ATHENS, Greece, MAR. 23, 2001 (Zenit.org).- The head of the Greek Orthodox Church decided it will welcome John Paul II for a visit because he showed "serious signs of repentance" for "the first time after centuries of Vatican intransigence."
Archbishop Christodulos, leader of the Greek Orthodox, said the Vatican must still take "many steps" of repentance. His comments were seen as a response to nationalist Orthodox who strongly oppose the visit, which is scheduled for May 4-5.
Eustachios Kolas, president of the Association of Greek Clergy, representing 8,000 Orthodox parish priests, referred to John Paul II as the "grotesque, two-headed monster of Rome" and a "wolf dressed in sheepskin."
Meanwhile in Reggio, Italy, Patriarch Bartholomew I of Constantinople publicly expressed his satisfaction over John Paul II's upcoming trip to Athens, which has generated opposition among some nationalist Orthodox.
At the end of his visit to southern Italy, the patriarch told the Italian newspaper Avvenire: "I greet with great joy the imminent visit of our brother John Paul II to Greece, and I hope it will make a contribution to the dialogue and spirit of fraternity between our Churches."
The Pope's visit to Greece, following in the footsteps of the Apostle Paul, is expected to take place between May 4-5, as confirmed from Athens by the apostolic nuncio in Greece, Archbishop Paul Fouad Tabet.
Some circles of the Greek Orthodox Church oppose to the Roman Pontiff's stepping on Orthodox soil.
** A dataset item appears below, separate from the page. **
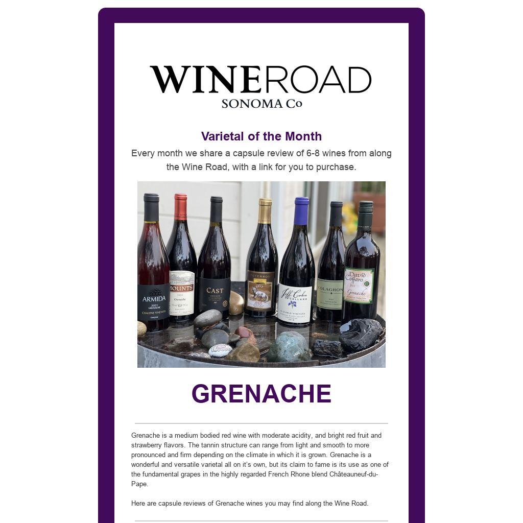 | Varietal of the Month Every month we share a capsule review of 6-8 wines from along the Wine Road, with a link for you to purchase.

Asked about these reactions, the patriarch responded: "What will be, will be. I am very happy about the fact that the visit can take place."
Among the archbishop of Athens, head of the autonomous Church of Greece, and the patriarch of Constantinople, he is "primus inter pares," but he does not have effective authority over the other Orthodox Churches.
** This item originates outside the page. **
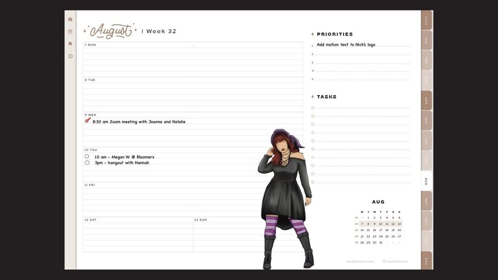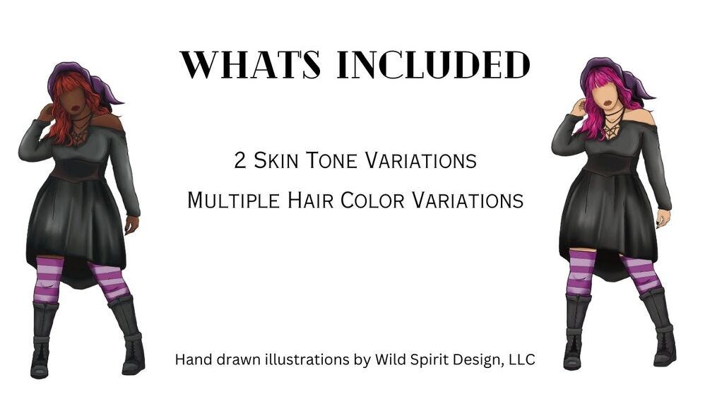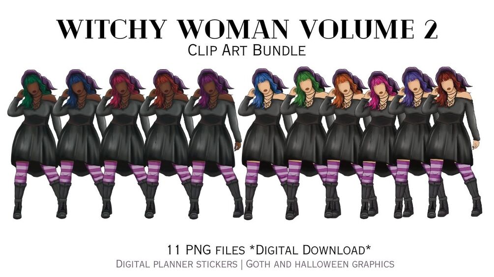 Take your digital planner, Halloween invites and crafts to a new level with a sassy witch adorned in a classic black dress, quirky striped stockings, and an iconic witch's hat. This bundle offers a delightful variety with two distinct skin tones and hair color variations, allowing you to personalize each piece according to your imagination.

Meanwhile, John Paul II sent a special message to the patriarch, who is expected to attend an ecumenical prayer meeting this evening, organized by the Catholic Church in Sicily.
In his message, sent to the Sicilian bishops' conference, the Holy Father expresses the hope that this prayer initiative, which will also be attended by Cardinal Edward I. Cassidy, president emeritus of the Pontifical Council for Promoting Christian Unity, will help to foster full communion among Christians, which must be encouraged "especially through the ecumenism of holiness, prayer, and charity in truth."
"Every possible effort must be made to hasten the fulfillment of the unity of believers in Christ," the Pope said.
The patriarch attended a meeting this week in Acireale as part of the program of the fourth Congress of the Sicilian Churches.